◆ Source records:
┄┄┄┄┄┄┄┄┄┄
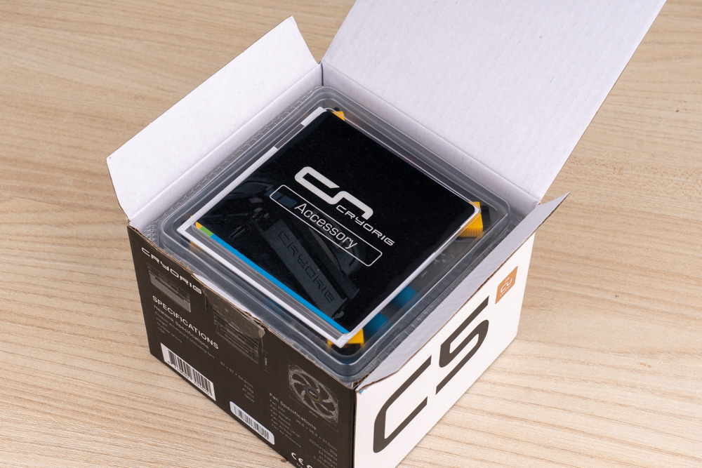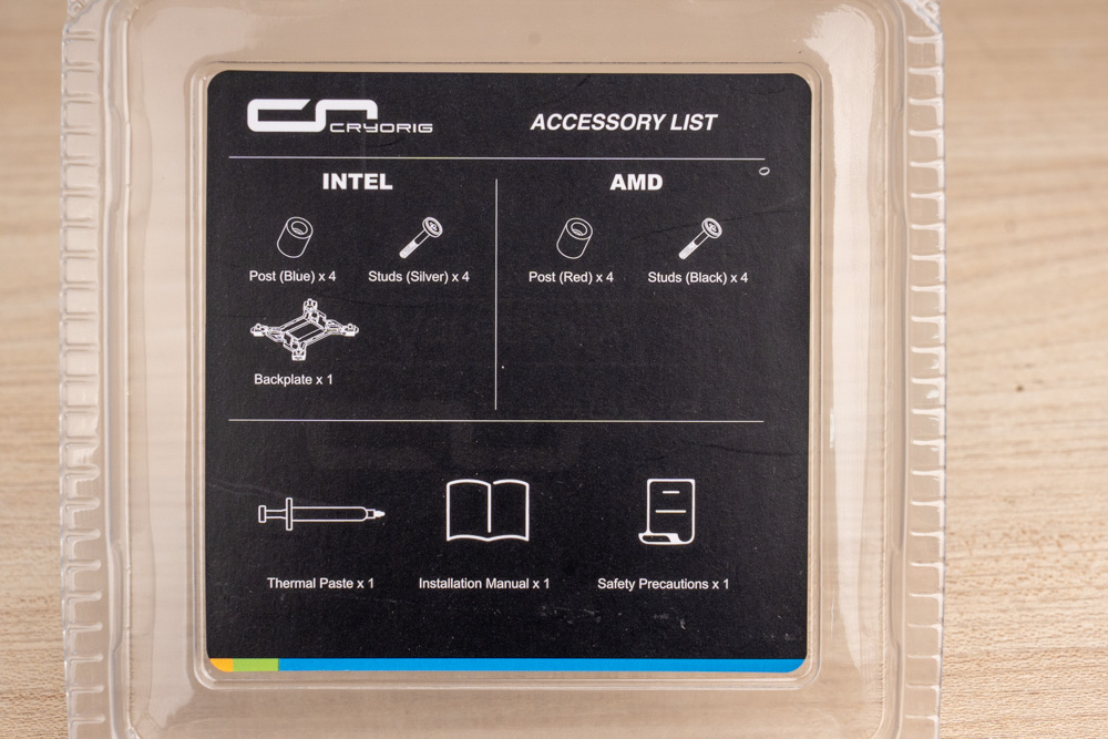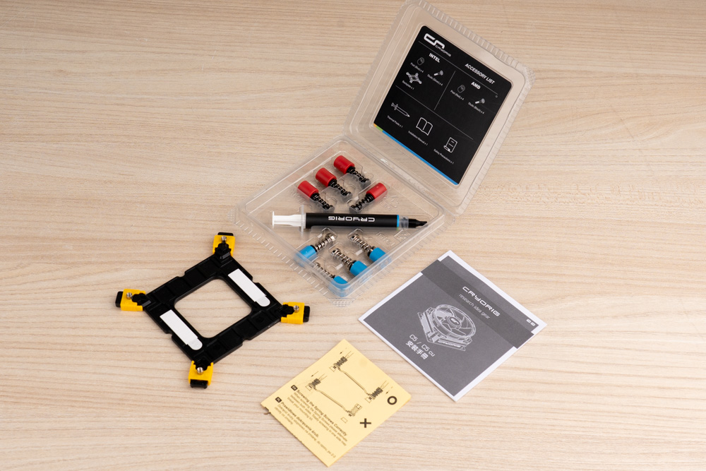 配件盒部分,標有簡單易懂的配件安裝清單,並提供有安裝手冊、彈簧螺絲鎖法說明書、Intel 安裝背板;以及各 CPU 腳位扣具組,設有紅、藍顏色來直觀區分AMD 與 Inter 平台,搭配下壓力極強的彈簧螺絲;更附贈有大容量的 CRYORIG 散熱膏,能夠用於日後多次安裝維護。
┄┄┄┄┄┄┄┄┄┄
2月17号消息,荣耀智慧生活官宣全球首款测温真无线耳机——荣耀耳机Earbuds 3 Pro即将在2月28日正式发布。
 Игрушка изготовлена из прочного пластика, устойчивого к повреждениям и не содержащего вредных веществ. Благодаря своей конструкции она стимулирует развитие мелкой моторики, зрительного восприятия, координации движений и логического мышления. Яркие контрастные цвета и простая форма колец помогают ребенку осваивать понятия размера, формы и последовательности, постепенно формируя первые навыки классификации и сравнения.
┄┄┄┄┄┄┄┄┄┄
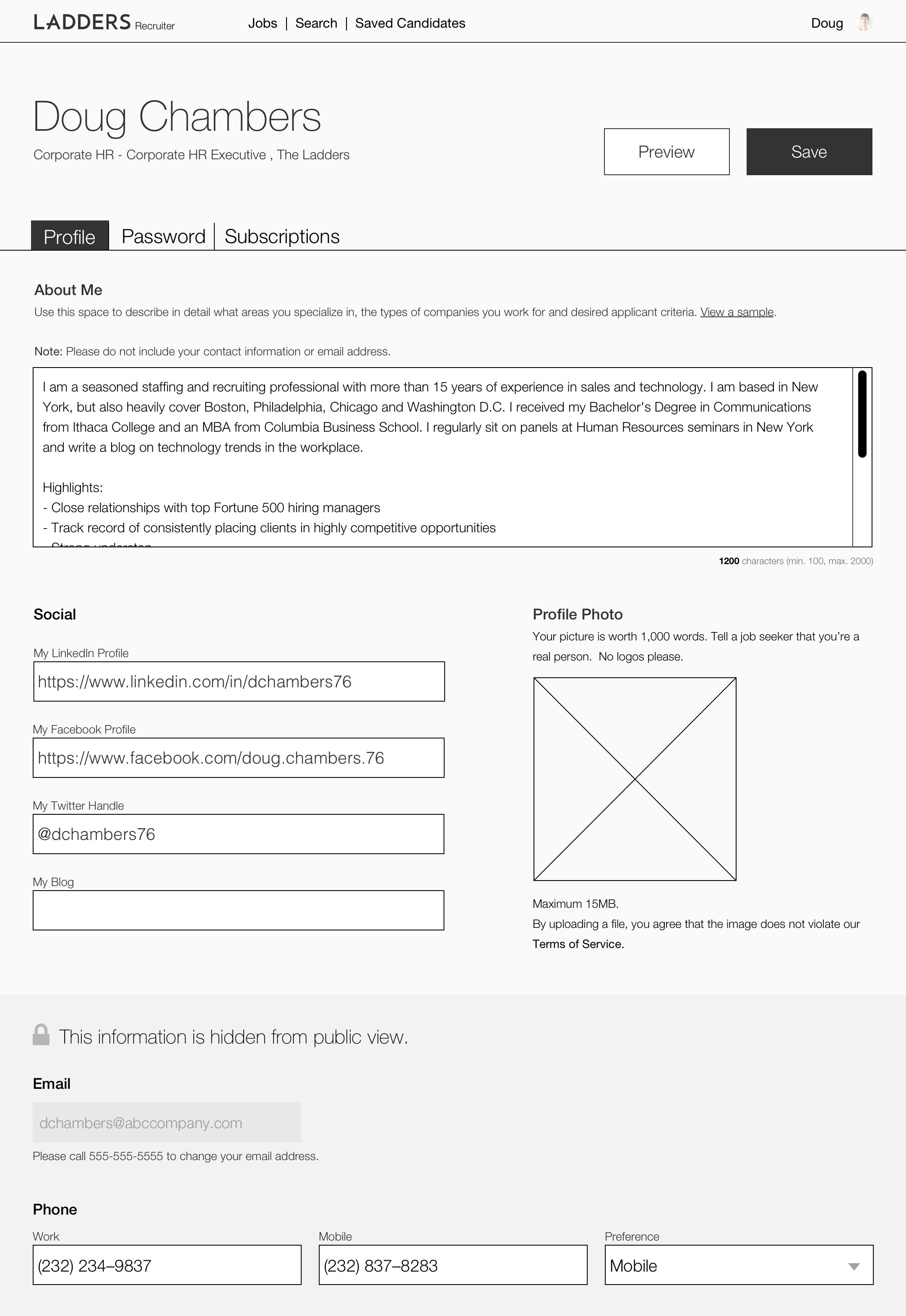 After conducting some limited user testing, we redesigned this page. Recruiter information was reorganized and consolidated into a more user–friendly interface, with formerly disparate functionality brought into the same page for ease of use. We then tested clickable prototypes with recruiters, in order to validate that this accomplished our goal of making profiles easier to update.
┄┄┄┄┄┄┄┄┄┄
Word for word, restate the lines above from the line containing "2月17号消息,荣耀智慧生活官宣全球首款测温真无线耳机——荣耀耳机Earbuds 3 Pro即将在2月28日正式发布。" through the line containing "Игрушка изготовлена из", with both included and nothing else.

2月17号消息,荣耀智慧生活官宣全球首款测温真无线耳机——荣耀耳机Earbuds 3 Pro即将在2月28日正式发布。
 Игрушка изготовлена из прочного пластика, устойчивого к повреждениям и не содержащего вредных веществ. Благодаря своей конструкции она стимулирует развитие мелкой моторики, зрительного восприятия, координации движений и логического мышления. Яркие контрастные цвета и простая форма колец помогают ребенку осваивать понятия размера, формы и последовательности, постепенно формируя первые навыки классификации и сравнения.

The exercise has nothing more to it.